## EXERCISE DIRECTIONS:
Reproduce the listing in its entirety. Do not reproduce the pictures.

[Opening INPUT FOR THIS TASK section]

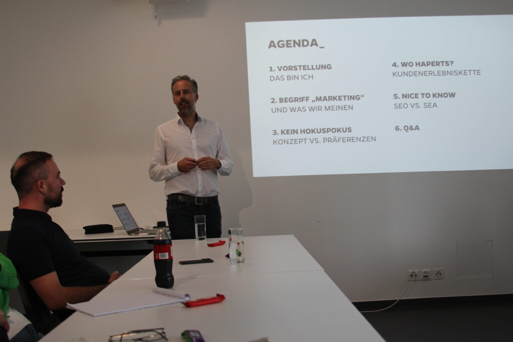 Martin Ming, CEO der eMeM Gmbh, vermittelte den über 20 Teilnehmenden in einer Stunde das Marketing-Einmaleins. «Welches sind nach dem ersten Wahrnehmungs-Push die nächsten Schritte in der Kundenerlebnis-Kette?» U.a. empfahl er, gewisse Mechanismen zu beachten, immer Ziel und Kundensegmente (mit ihrem Nutzungsverhalten und Bedürfnissen) konzeptionell zu definieren. Und beim Einsatz v.a. von SEO bzw. SEA empfiehlt es sich, den Ertrag den Kosten gegenüberzustellen Václav Šulista, Netzwerk- und Social Media-Profi, zeigte den teilnehmenden Business Parc-Mitgliedern, wie man mit wenigen, gezielten Schritten ein starkes LinkedIn-Profil aufbaut.
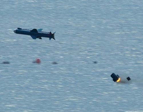 圖片說明:臺軍雄風IIE反艦導彈飛行中拋掉二級發動機(資料)
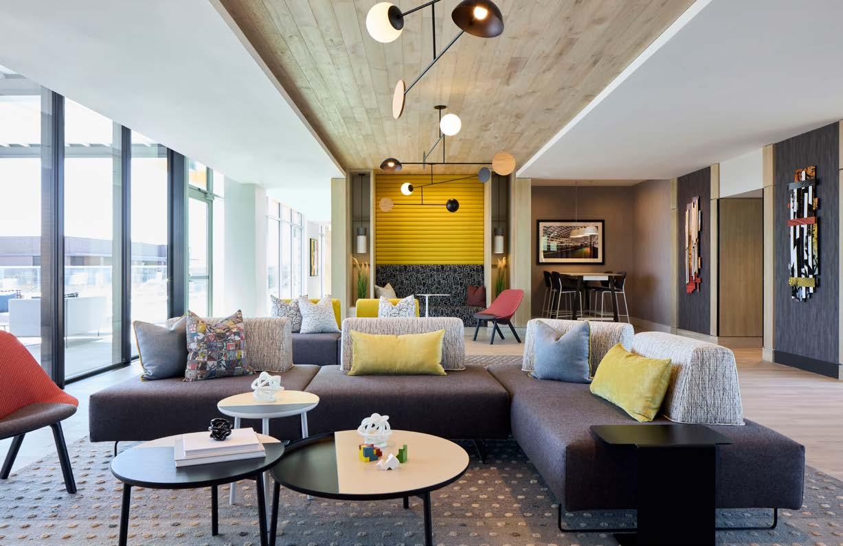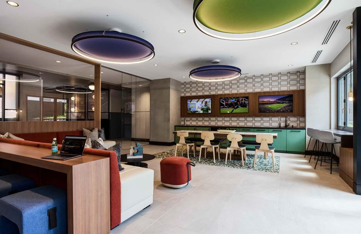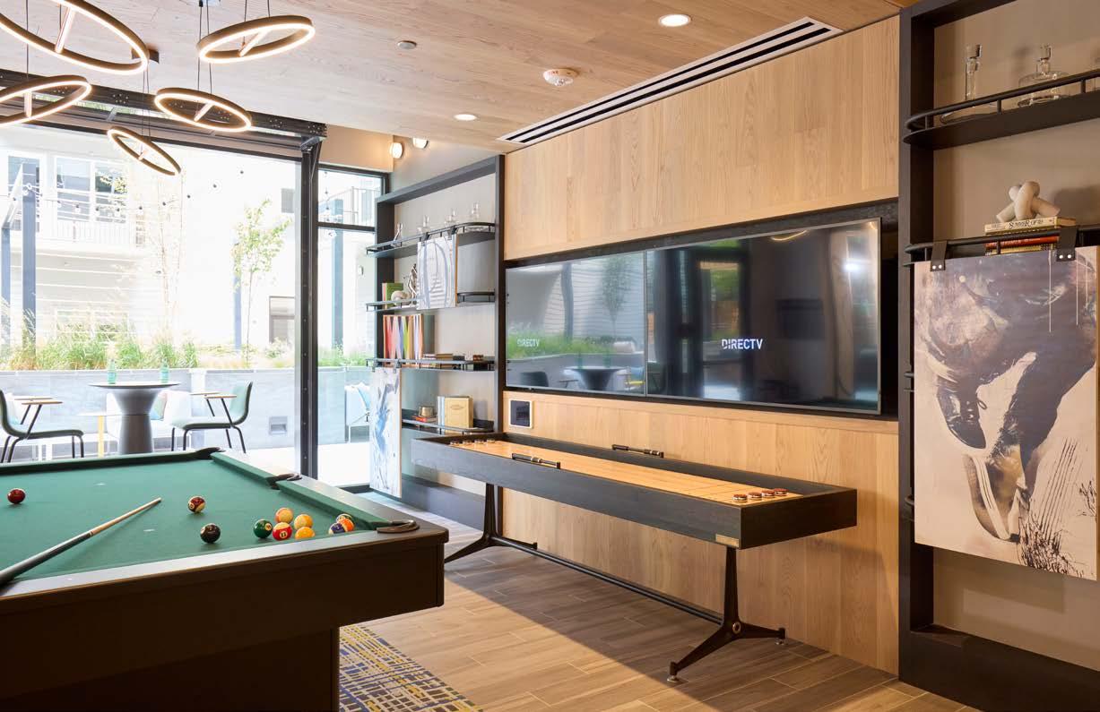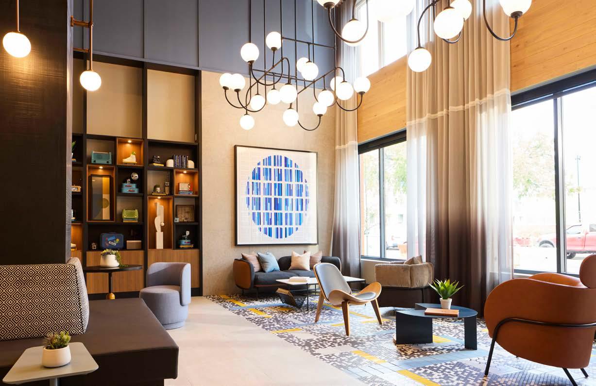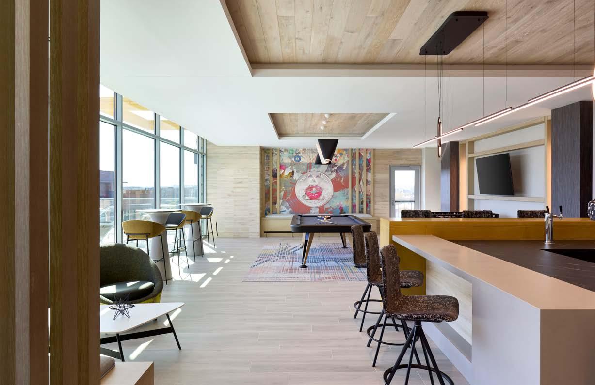 Awards: NAHB Multifamily Pillars of the Industry Finalist - Best Mid-Rise Apartment Community Project Type: Multifamily Style: Contemporary biophilic principles with the energy of a modern TechHub. It has a strong visual connection to the lively Washington Blvd, the interiors feature biophilic patterns that foster well-being and calm in an urban environment. Its amenity-rich and community-focused with whimsical lighting, murals, and furnishings that reflect the creative spirit of the artsy, innovative district.
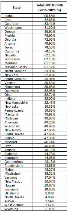 With the help of AI making a table the GDP growth rate by state for the last ten years was easier than I thought:
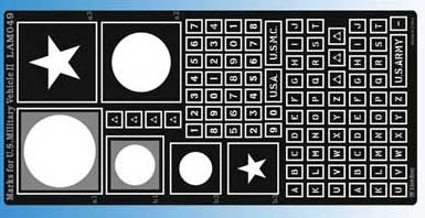 Ein Set mit Spritzschablonen für U.S. Militärfahrzeuge finden wir unter der LAM049.

[Closing INPUT FOR THIS TASK section]

## TASK RESPONSE:
 Martin Ming, CEO der eMeM Gmbh, vermittelte den über 20 Teilnehmenden in einer Stunde das Marketing-Einmaleins. «Welches sind nach dem ersten Wahrnehmungs-Push die nächsten Schritte in der Kundenerlebnis-Kette?» U.a. empfahl er, gewisse Mechanismen zu beachten, immer Ziel und Kundensegmente (mit ihrem Nutzungsverhalten und Bedürfnissen) konzeptionell zu definieren. Und beim Einsatz v.a. von SEO bzw. SEA empfiehlt es sich, den Ertrag den Kosten gegenüberzustellen Václav Šulista, Netzwerk- und Social Media-Profi, zeigte den teilnehmenden Business Parc-Mitgliedern, wie man mit wenigen, gezielten Schritten ein starkes LinkedIn-Profil aufbaut.
 圖片說明:臺軍雄風IIE反艦導彈飛行中拋掉二級發動機(資料)
 Awards: NAHB Multifamily Pillars of the Industry Finalist - Best Mid-Rise Apartment Community Project Type: Multifamily Style: Contemporary biophilic principles with the energy of a modern TechHub. It has a strong visual connection to the lively Washington Blvd, the interiors feature biophilic patterns that foster well-being and calm in an urban environment. Its amenity-rich and community-focused with whimsical lighting, murals, and furnishings that reflect the creative spirit of the artsy, innovative district.
 With the help of AI making a table the GDP growth rate by state for the last ten years was easier than I thought:
 Ein Set mit Spritzschablonen für U.S. Militärfahrzeuge finden wir unter der LAM049.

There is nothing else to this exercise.